"What look?" Gretchen Wagner barely heard her assistant's teasing tone. She was too busy watching an infant with enormous dark eyes who was securely nestled in the curve of his mother's arm. The mother, she noted, wore Western dress and looked a good deal cooler than Gretchen and Nancy. Even in the May desert heat, they each wore an ankle-length dress and a linen scarf wrapped loosely around their heads in deference to Egyptian modesties.
The two women passed through the heavy glass doors that fronted their Cairo hotel and entered the deep chill of the lobby. Both of them unwrapped their hijabs from around their heads and necks, automatically pausing as they folded the lengths of gauzy fabric.
"That maternal, googly-eyed, 'isn't-he-sweet' look. Are you getting the urge to nest?" Nancy Claxten didn't sound particularly enthusiastic, and Gretchen slanted her research assistant a questioning look as she avoided the question.
"Don't you like children?" she asked. It was inconceivable to her that anyone could fail to be enthralled by a helpless infant.
"They're okay." Nancy shrugged. "It's not that I don't like them. It's more where I am in my life, you know?"
Gretchen didn't know. Her childhood was a blank slate, courtesy of some trauma, the psychologists assumed, that had occurred during her twelfth year when she'd been adopted by Hans and Annika Wagner. She'd never had friends like most kids, at least not that she remembered, and by the time she'd been adopted, she'd been so different that she'd had no hope of figuring out the complex nuances that comprised teenage interaction.
Friends were a luxury for kids who fit in during adolescence. For those who didn't ... It hadn't mattered much to her, anyway, since she'd been so advanced in her studies that she'd been accelerated in school and had graduated at fifteen. At twenty she'd finished both her B.A. and her Masters in Linguistics. Her doctorate in Ancient World Writings and Transliteration at the tender age of twenty-two had been followed shortly thereafter with the first of several prestigious positions at acclaimed universities across the country.
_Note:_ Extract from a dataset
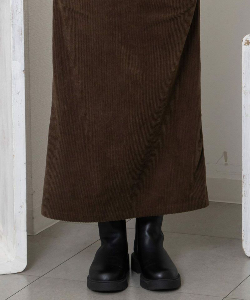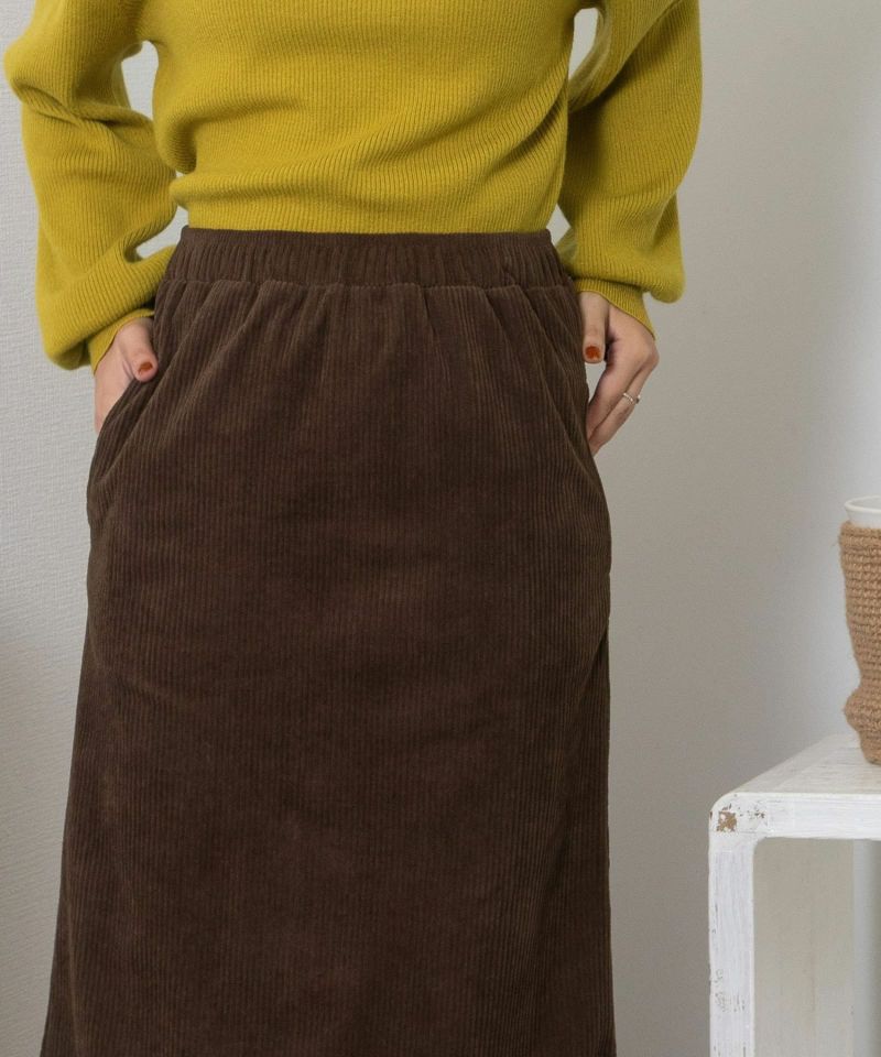 暖かみのある、なめらかな肌触りのコーデュロイ素材を使用したスカート。伸縮性のある素材とウエストゴム仕様で楽な履き心地です。体のラインを拾い過ぎないナローシルエットが女性らしい着こなしを演出します。ウエスト紐で調整が可能、両サイドポケットつき。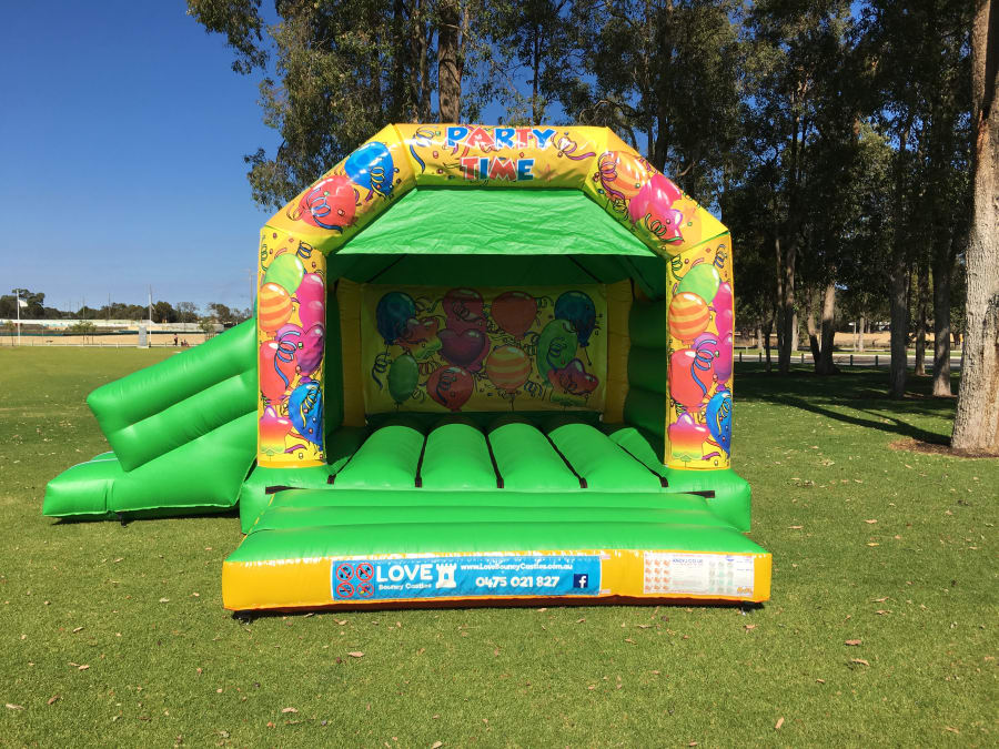 Love Bouncy Castles offers the ultimate generic PARTY TIME DISCO jumping castle WITH SLIDE for your child’s party in Perth. Watch the children’s faces light up with joy as we blow up the bouncy castle in your back yard/park/community centre. All our castles have a roof cover to protect you from the sun and/or rain.

She spoke and read eleven living languages, had a solid acquaintance with several others and could read Latin and Greek.
But she'd never been anywhere near a baby in her entire adult life.
So no, she didn't know what Nancy meant. And she wouldn't have cared until a few months ago, when she'd realized her biological clock was ringing a strident alarm, warning her to get on the procreation bandwagon before it left her behind.
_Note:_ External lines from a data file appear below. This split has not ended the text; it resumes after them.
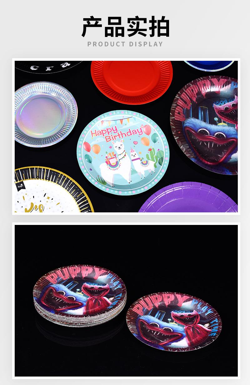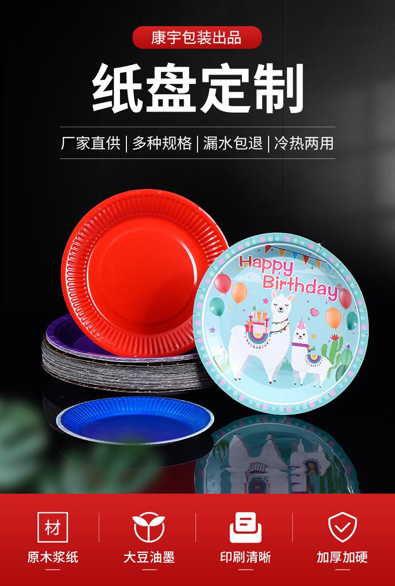 Plato de papel desechable para fiesta de cumpleaños, plato de papel DIY, disco de color, fiesta navideña, pastel, plato de comida rápida, venta al por mayor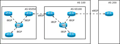 Маршрути, отримані від сусідів з інших автономних систем, тобто по eBGP (Exterior, Зовнішній BGP) для маршрутизаторів Cisco мають адміністративну відстань (administrative distance (AD)) — 20, відповідно від сусідів з тієї ж самої АС тобто по iBGP (Interior, Внутрішній BGP) — 200.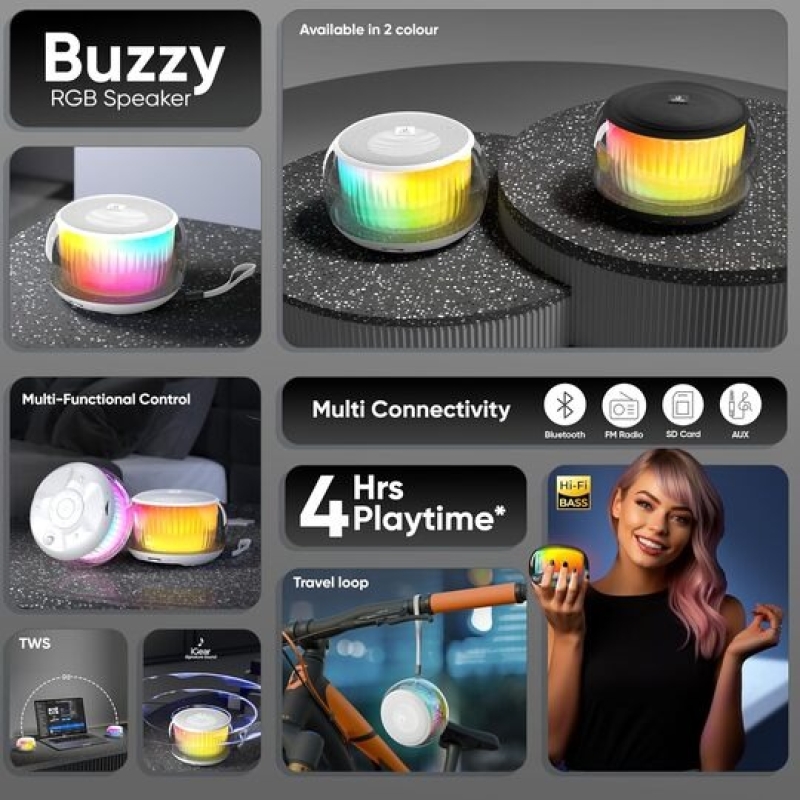 The iGear Buzzy is a compact and stylish portable Bluetooth speaker designed for everyday entertainment. With 5W stereo output, 360-degree RGB lighting, and multiple playback options like Bluetooth, AUX, TF/SD card, and FM radio, it delivers an engaging audio-visual experience. Its lightweight design, TWS stereo pairing, and Type-C fast charging make it ideal for home use, travel, camping, and casual outdoor fun.
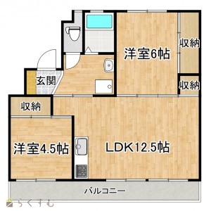 2LDK (洋室:6、4.5)、LDK12.5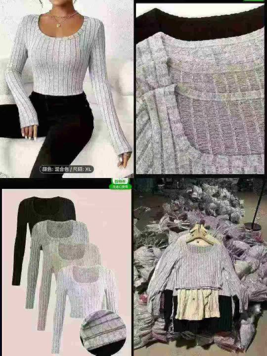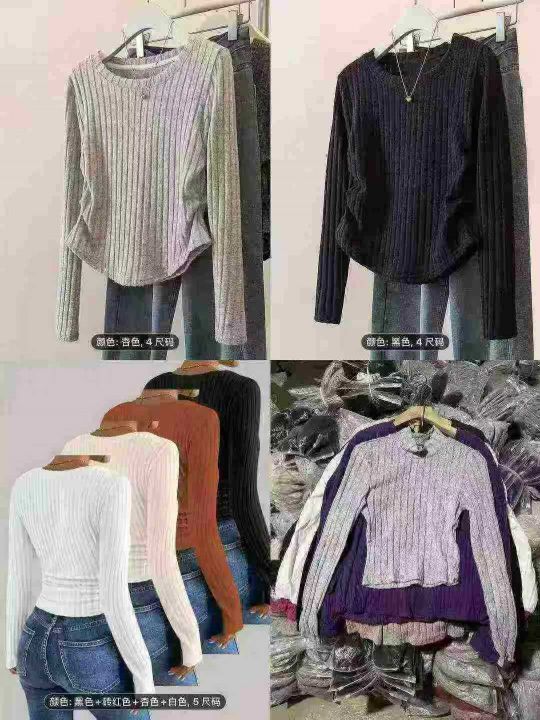 女士罗纹针织外贸女装 百搭款式 视频系列长袖 衫,数量2100件,尺码s-2xl码,独立拉链袋包装,小整款微杂几件,统一面料,全清6.9,分货➕1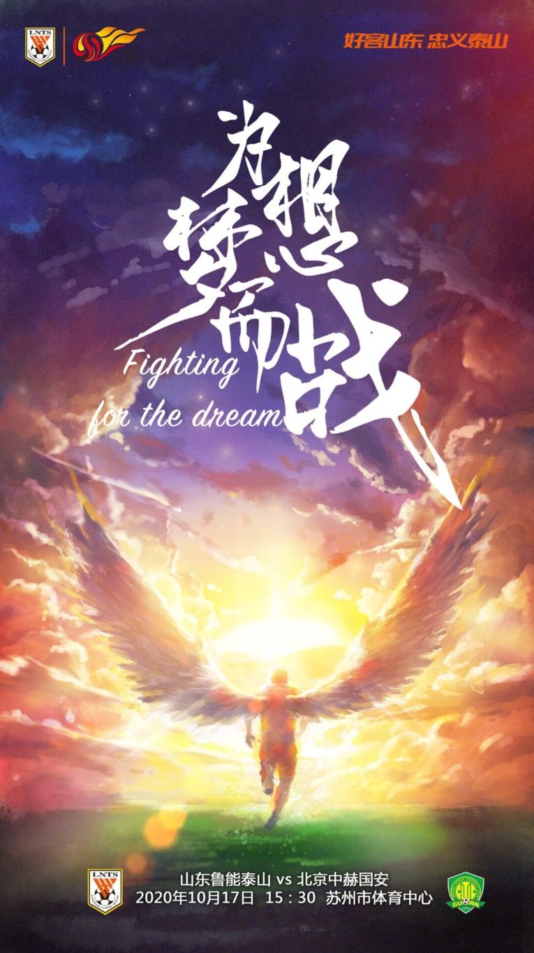 10月17日下午,中超第15轮山东鲁能vs北京国安的比赛即将在苏州市体育中心体育场进行。目前,鲁能发布赛前海报,主题为“为梦想而战”,值得一提的是,这句口号同样出现在球队出征前的誓师大会上。

"Where are you in your life?" she asked Nancy.
"Too young to want to be tied down. Besides, I'm the oldest of six kids. I've done enough baby-sitting to satisfy me for a long, long time." Nancy grinned at Gretchen.
"Besides, I'm only twenty-two."
Lucky girl. She had plenty of years ahead of her. All those eggs in her ovaries were in prime condition.
"You, on the other hand," Nancy went on, "probably don't want to fool around too much longer to snag a man and get started if you want a family. You're about forty, right?"
"Mid-thirties," Gretchen hedged. Did she look that bad?
"Oops. I was about to tell you that you didn't look nearly that old. Swear to God. My mother just turned forty but believe me, she looks like she's on the downhill side of the decade. You barely look thirty. My mom's youngest sister is thirty and she looks like hell compared to you. Of course, she's got three kids. Maybe the stress of screwing up your face in childbirth makes your skin start to sag faster or -"
"Stop it." Gretchen was doing her best not to laugh. "You're just making it worse."
"Making what worse?" Nancy looked genuinely puzzled.
"This whole baby thing." Gretchen spread a hand before her in an uncharacteristically expansive gesture and took a deep breath. She'd never confided her desire for a family of her own to anyone before. "Your thirty-year-old aunt has three children. See? I'm a relic. On the shelf. I'll never have a family."
"Jeez." Nancy rolled her eyes. "Half of it's your fault, you know. You don't make much of an effort."
"I beg your pardon?" She didn't know what response she'd expected, but that was hardly it.
"Granted, the guys in the academic world are total geeks, but you barely bother to acknowledge them unless you need to discuss research. How are you going to meet your studly prince if you don't talk to him first?"
It was hard to take offense when the younger woman was so matter-of-factly sincere. "Since when have you seen a studly prince in the hallways of University College London?"
"You have a good point." Nancy skirted the edge of a group of chairs as they crossed the marble floor.
"Studs are few and far between at UCL. Dr. Wagner, you've got to broaden your horizons if you want to find a man."
"Actually," Gretchen said, "I've been thinking about this for a while. I don't really want to find a man."
"You're gay? Sorry I was pushing the whole straight scene -"
"No, I'm not gay!" Her voice might have been a little louder than she'd intended, causing a ruggedly handsome dark-haired man sitting in one of the lobby's elegant chairs to look up, clearly startled. She lowered her voice, her face burning. "I just meant that I'm perfectly able to conceive and bear a child today without involving a man."